Diesen Nationalpark hatten wir eigentlich gar nicht in unsere Reiseroute eingeplant, aber da wir ihn vor einiger Zeit empfohlen bekommen haben und er eigentlich sogar auf dem Weg liegt, wollen wir doch mal einen Blick auf die sagenhaften Joshua Trees werfen. Außerdem haben wir ja unseren Jahrespass für alle Nationalparks, den wir wirklich nur empfehlen können. Man bekommt ihn für 80 Dollar und kann in nahezu alle Parks, die ansonsten jedes Mal 35 Dollar Eintritt kosten würden.

Von Coachella Valley geht es also auf zu den Joshua Trees – oder vielleicht doch nicht? Wir fahren die Straßen im Park entlang und suchen diese Bäume vergeblich. Im Visitor Center erfahren wir, dass es auf der südlichen Seite des Parks solche Bäume gar nicht gibt und bis zur nördlichen Seite sind es um die 40 Meilen. Wir sind einen verdammt großen Umweg gefahren und werden heute keine Joshuas mehr sehen, denn so weit kommen wir nicht mehr. Im Park gibt es keine Tankstelle und ich habe der Juli mal wieder nicht geglaubt, dass wir tanken sollten – bevor wir in einen Park fahren. Oke Juli du hattest Recht. Also umdrehen und tanken gehen.

Ich habe mir geschworen nächsten Mal auf Juli zu hören, aber wir müssen zugeben, dass dieser Fehler rückblickend doch etwas Gutes hatte: Wir finden diesen Campingplatz umgeben von Bergen. Ein Campingplatz, der nichts kostet! Wir bleiben einfach hier, kochen und essen mit einem grandiosen Blick auf den Sonnenuntergang. Ein Sonnenuntergang, der aussieht als hätte ihn jemand mit Photoshop bearbeitet. Diese Farben kann man gar nicht beschreiben! Der Campingplatz ist so groß, dass man trotz anderen eine weite Wiese um sich hat. Nichts als Land. Wir kochen Tee, sehen Millionen Sterne und bekommen Gesellschaft von unserem Nachbarn, der uns alles über sein Leben im Van erzählt.
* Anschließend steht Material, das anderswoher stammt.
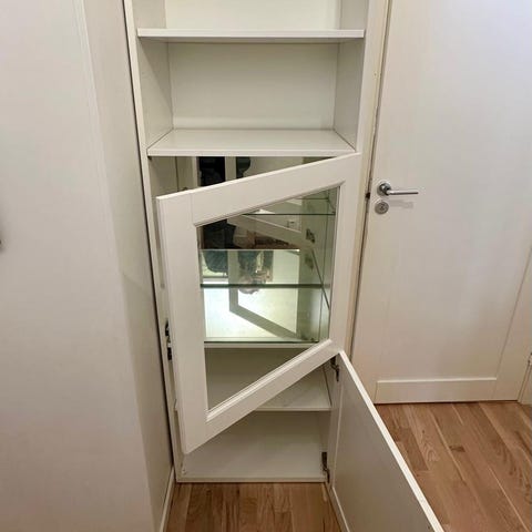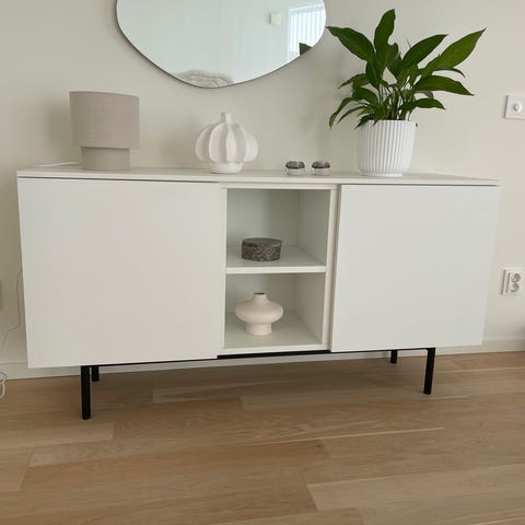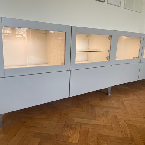 Skåp + dörrar + gångjärn från modellen Bestå från IKEA som innehåller ett hyllplan per sida. Mått 120x20x64cm.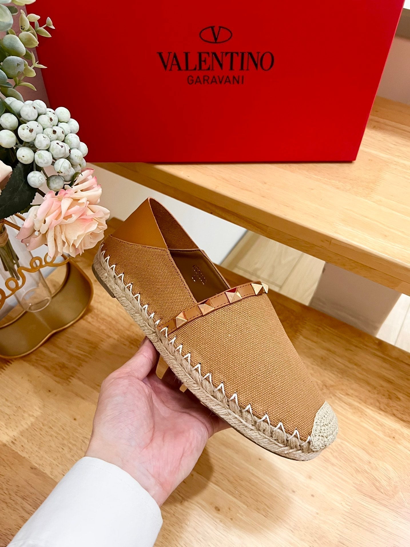 ROCKSTUD CIDER BROWN CANVAS ESPADRILLES
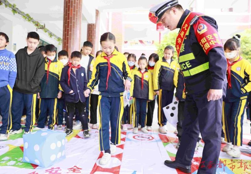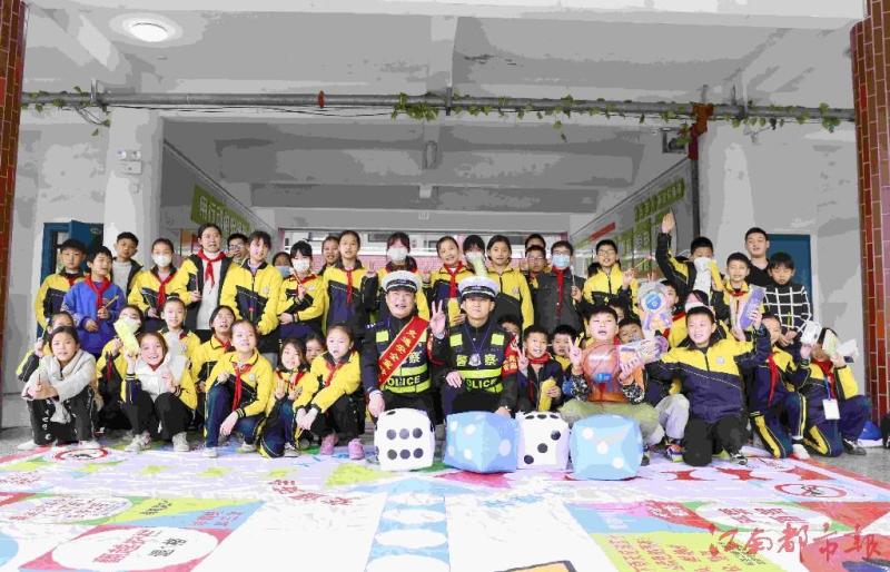 孩子們的聽課積極性空前高漲。學(xué)習(xí)完交通安全知識后,他們隨著民警來到游戲的活動現(xiàn)場,一幅巨大的交通安全“飛行棋”擺在過道上,由小學(xué)生扮成的“棋子”穿行其間,場邊不時傳來同學(xué)們的加油助威聲。民警們還根據(jù)棋盤上的提示,對“棋子”們進(jìn)行講解交通規(guī)則,教他們辨認(rèn)交通標(biāo)志。在游戲中,枯燥的交通安全知識變得活潑有趣,寓教于樂。孩子們玩得開心,交通知識“入腦入心”,讓他們對于交通安全的理解更加深刻。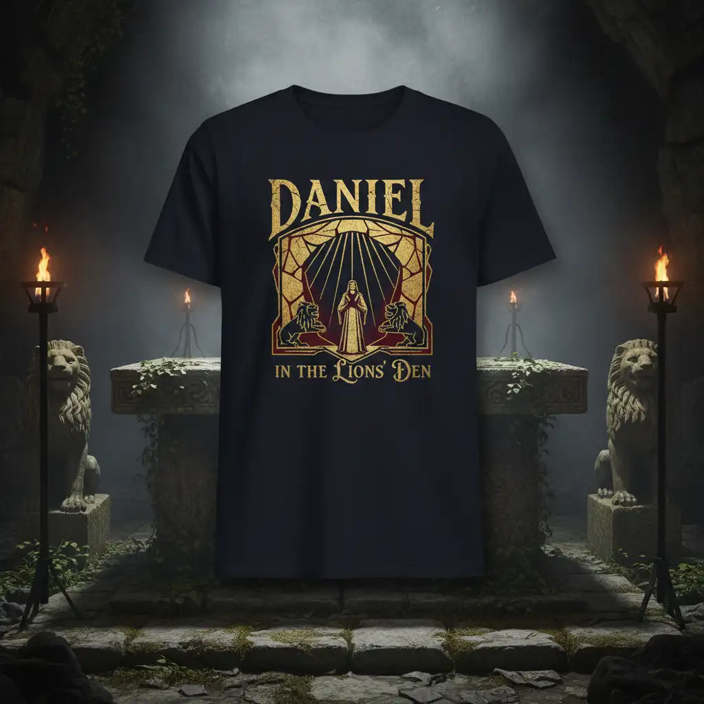 This narrative serves as a powerful reminder that even in the darkest of times, faith can provide strength and deliverance. The design is rendered with a vintage, distressed aesthetic, giving it a timeless appeal that resonates with the ancient story it represents. It’s perfect for anyone who draws strength from their faith and wishes to share that inspiration through their personal style. The detailed artwork ensures that the message is not only seen but felt.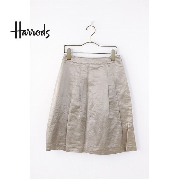- A3232/美品 春夏 Harrods ハロッズ リネン コットン タック プリーツ 膝丈 ミモレ丈 台形 Aラインスカート 2 ブロンズ/日本製 レディース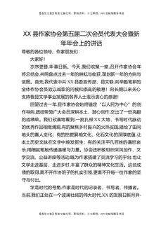 XX县作家协会第五届二次会员代表大会暨新年年会上的讲话.docx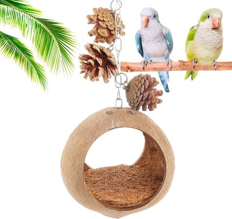 Kathson Natural Coconut Shell Bird Nest,Hanging Coconut For Birds Parakeet Coconut Hut Coco Shell Bird House Cage Accessories Decoration For Parrots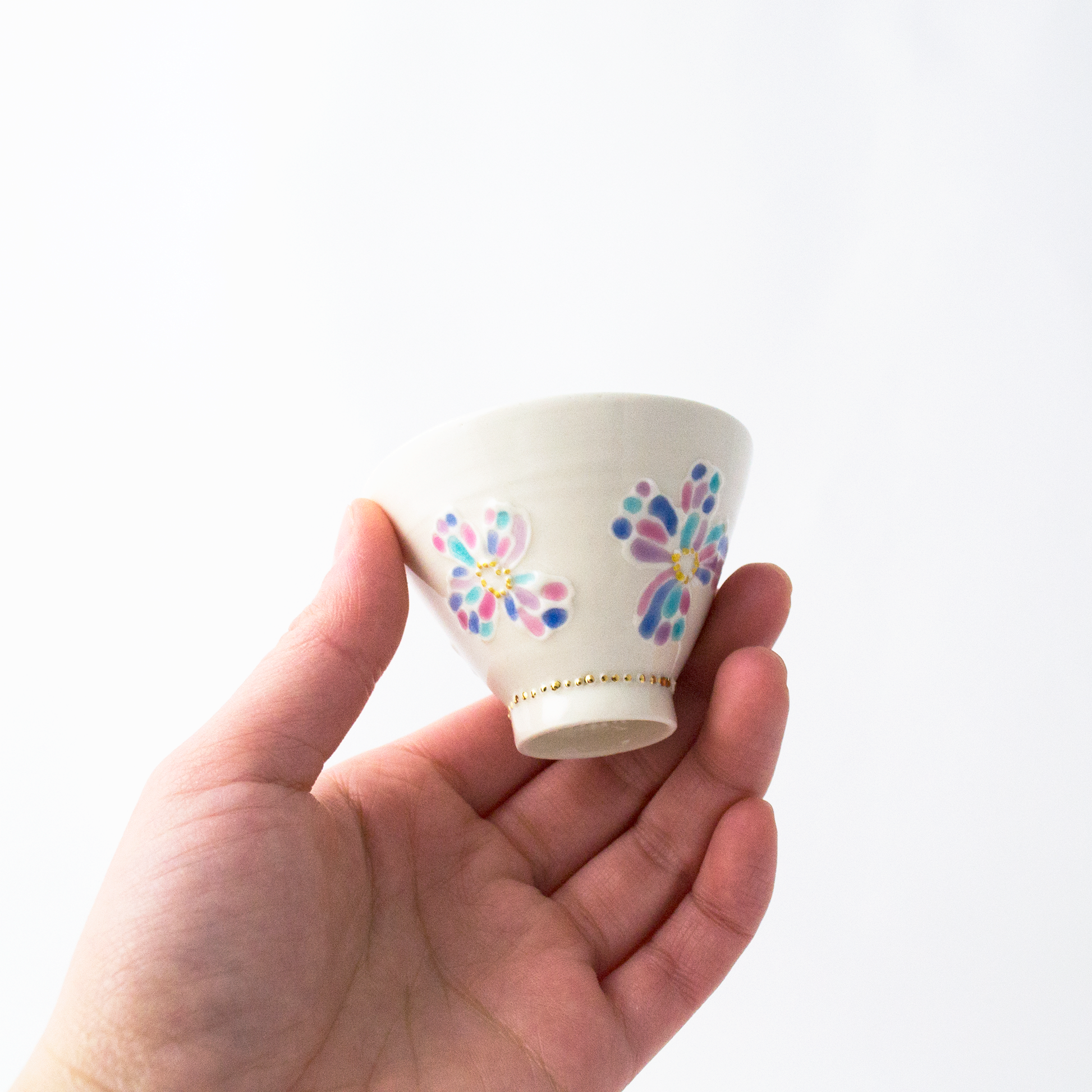 少しクリーム色がかった白い磁器に、九谷の上絵具をつかっており、透明感のある色味がきれいです。金彩もしているので、華やかさがあります。日本酒などにいかがでしょうか。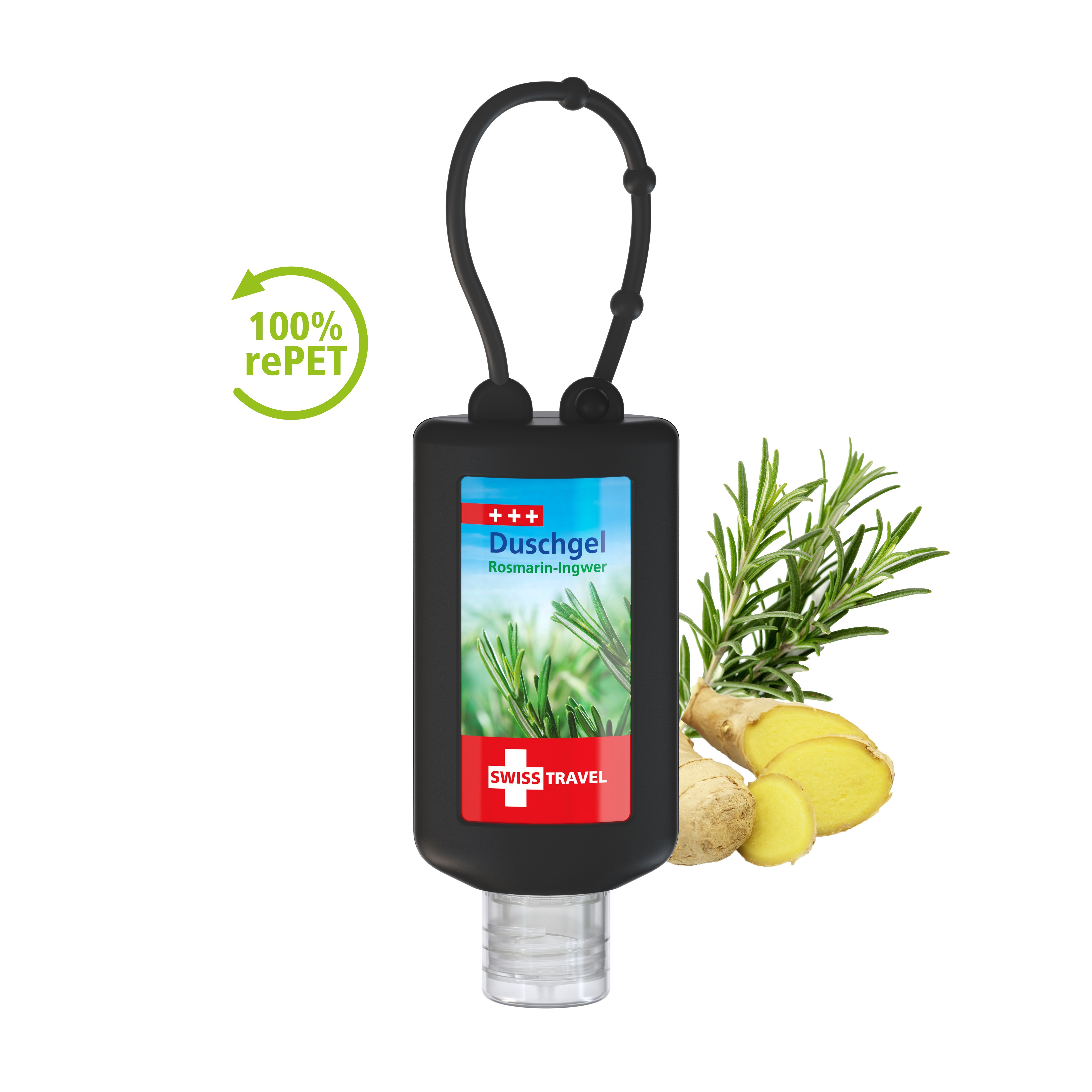 50 ml Bumper schwarz - Duschgel Rosmarin-Ingwer - Body Label mit Firmenlogo für Werbeaktionen.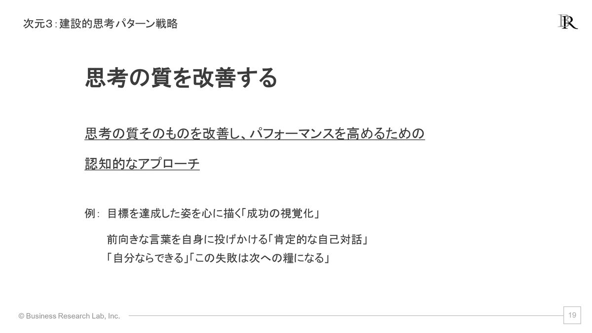 さらに3つ目の次元ですが、今度は物事の捉え方や、自分の認知的なプロセスに対して働きかけるというものです。これを「建設的思考パターン戦略」と呼びます。思考の質を改善するということですね。そのことによってパフォーマンスを高めていこうとする認知的なアプローチに当たるのが、この建設的思考パターン戦略ということです。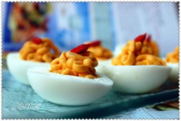 2.把蛋黄取出碾碎,混入千岛酱(或色拉酱)一起搅拌均匀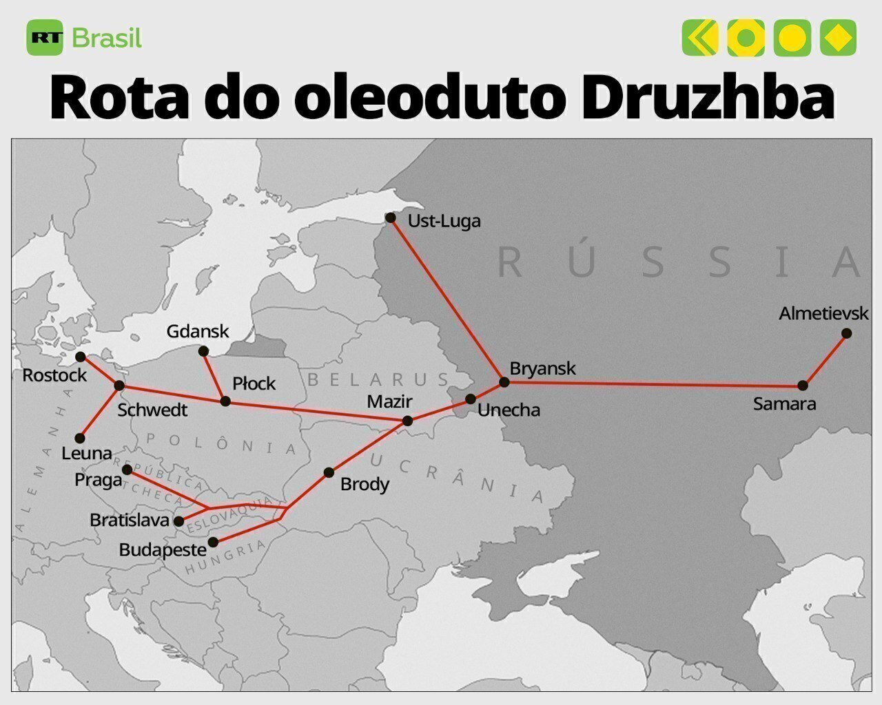 - Kiev atribuiu a suspensão do funcionamento do oleoduto a danos causados por supostos ataques russos, enquanto Hungria e Eslováquia acusaram as autoridades ucranianas de chantagem política em retaliação à postura independente de Budapeste e Bratislava sobre o conflito russo-ucraniano.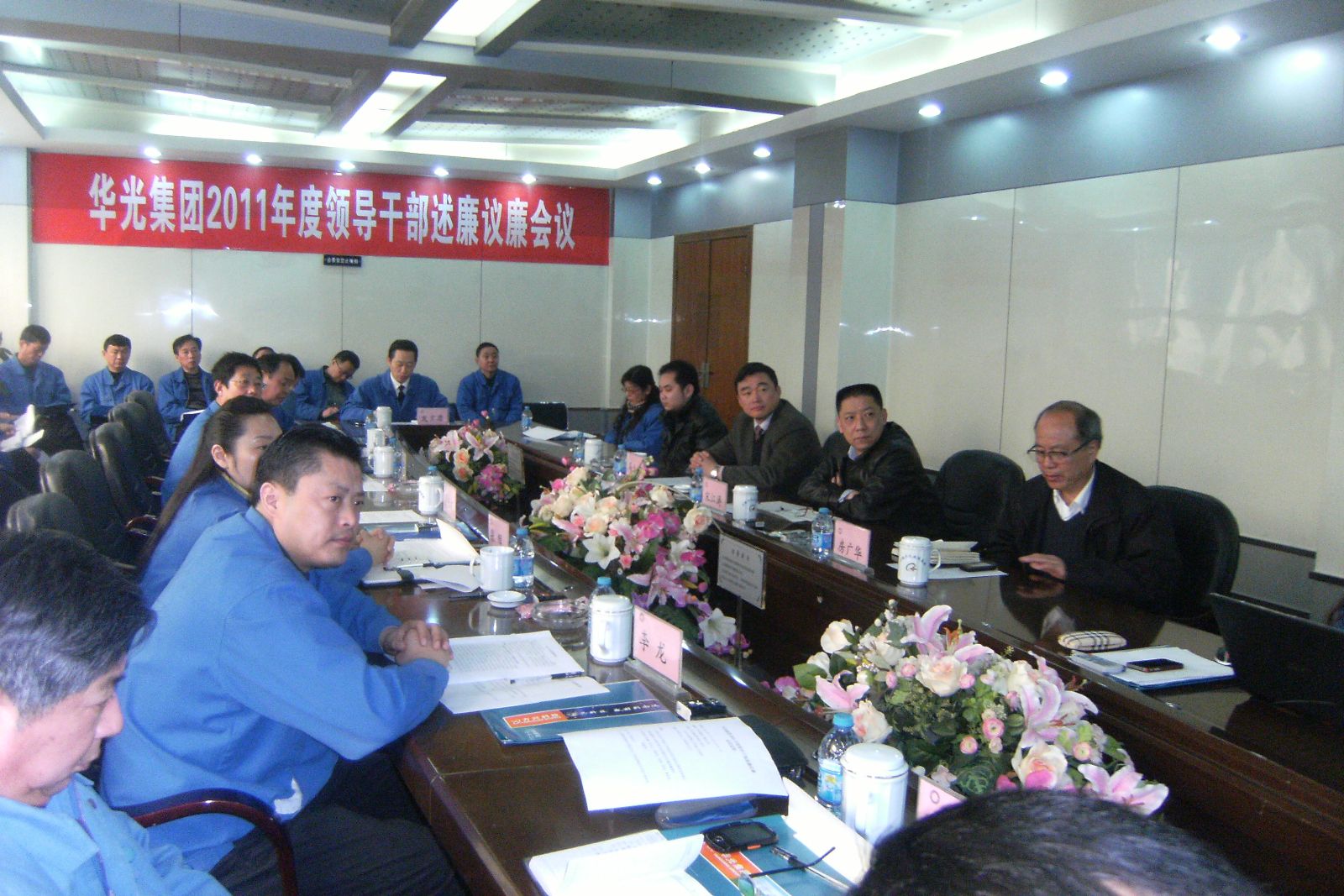 会议首先通报了征求意见和建议情况,集团党委书记、总经理关长文作了《华光集团领导班子2011年度述廉报告》,接着集团党政领导班子成员关长文、张群、陈国良、李龙、俞家宏、周建勇分别结合自身思想、工作和生活实际,结合职工群众意见建议,对照贯彻落实《中国共产党党员领导干部廉洁从政若干准则》和《国有企业领导人员廉洁从业若干规定》等党纪条规规定,对照贯彻执行党风廉政建设责任制的要求,逐一汇报了个人廉洁从业和党风建设情况,总结了成绩和不足,明确了下一步的努力方向。与会人员填写了《领导班子党风建设和反腐倡廉情况民主评议表》和《领导班子成员党风建设和反腐倡廉情况民主评议表》,以无记名形式对领导班子及其成员党风建设和反腐倡廉情况进行了民主评议。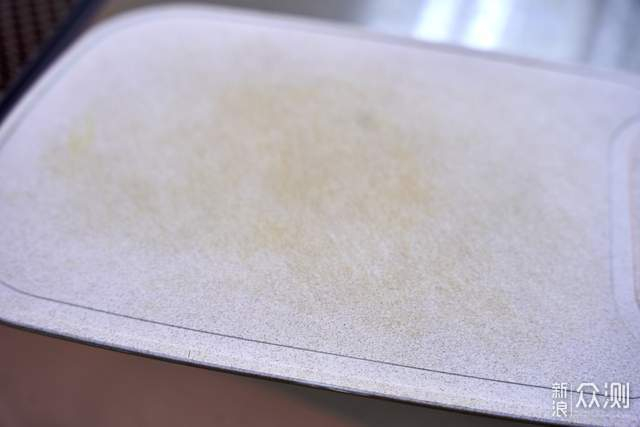 小麦秸秆菜板确切地说是谷纤维菜板,秸秆、麸皮材质安全放心,高温压制成型的菜板轻薄小巧,缺点也很明显——不耐用、易打滑。小麦秸秆菜板具有可降解性,所以使用半年之后,菜板已经有了肉眼可见的损耗,板面染色也无法去除。加上本就单薄的小身板,切菜时都不敢使大力。这款菜板是用来处理果蔬的,板面表面光滑,吸水率更低,导致切个流汁的番茄、西瓜时容易滑动。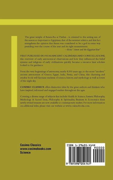 The great temple of Amen-Ra at Thebes... is oriented to the setting sun of the season so important to Egyptians, that of the summer solstice, and this fact strengthens the opinion that Amen was considered to be a god in some way presiding over the course of the year and its right measurement. -from "Amen and the Egyptian Year" First published in 1903 as Ancient Calendars and Constellations, this overview of early astronomical observations and how they influenced the belief systems and religions of early civilizations quickly became a resource later scholars looked to for guidance. From the very beginnings of astronomy, nearly 8,000 years ago, to the more "modern" ancient astronomies of Greece, Egypt, India, Persia, and China, this charming and erudite book will fascinate students of science, history, and mythology as well as lovers of the night sky.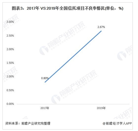 从信托项目不良率看,伴随风险资产规模的增大,信托项目不良率大幅度上升。2017年之前,信托项目不良率虽有波动,但多数时候维持在0.8%以下,2019年末则大幅上升至2.67%。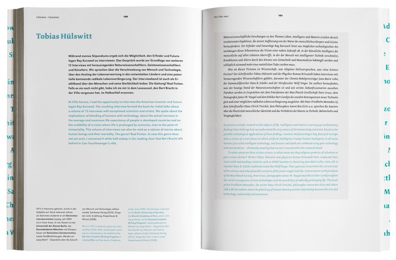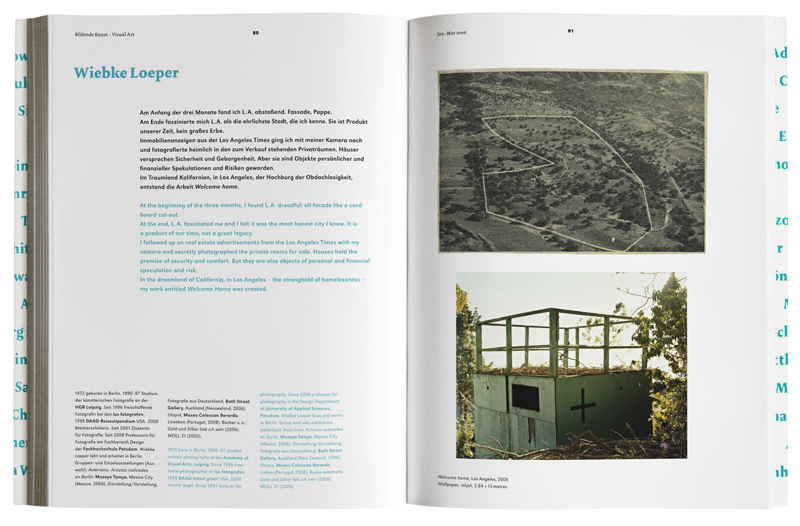 The Villa Aurora is an artists’ residency and international meeting place, fostering German-American exchange with fellowship programs in the fields of literature, music, art and film. In 2010 they had their 15th anniversary which was celebrated with an exhibition in the Academy of Arts Berlin and the release of this catalogue featuring the grant recipients of the last five years.

Er lebt nur in diesem Van, der wirklich spärlich ausgestattet ist. Seit Jahren! Unglaublich oder?

Am nächsten Morgen ziehen wir die Vorhänge neben uns auf, bleiben in den Schlafsack eingekuschelt und warten bis die Sonne aufgeht. Frische Morgenluft, du liegst noch im Bett und kannst all das von dort aus beobachten. Das sind die Momente, in denen man dieses Leben im Van so sehr liebt. Wir fahren durch den ganzen Park und finden die Joshua Trees. Auf zu einer kleinen Wanderung. Wir dachten eigentlich wir wandern gemütlich umher, aber finden uns dann schnaufend einen Berg hochsteigen. Die Aussicht da oben soll gut sein. Wir bleiben auf halber Höhe, weil wir entscheiden, dass diese Aussicht auch super gut ist und suchen uns kurzerhand einen leichteren Wanderweg für den Nachmittag. Die Joshua Trees zwischen großen Felsen. Dieser Wanderweg ist verdammt schön. Ein bisschen wie aus einer anderen Welt. Dieser Park ist voll von Steinen und trockenen, weiten Flächen, auf denen immer wieder einzelne Joshuas stehen. Dieses Land ist unglaublich.

Driving Route 66 – Main Street of America

Ein Traum wird wahr als wir dieses Schild sehen – vor uns liegt ein Teil der Route 66 und wir fahren sie! Vor nun fast acht Jahren haben wir im Englischunterricht einmal darüber gescherzt, dass wir diese Straße auch einmal fahren möchten und nun ist es wirklich soweit!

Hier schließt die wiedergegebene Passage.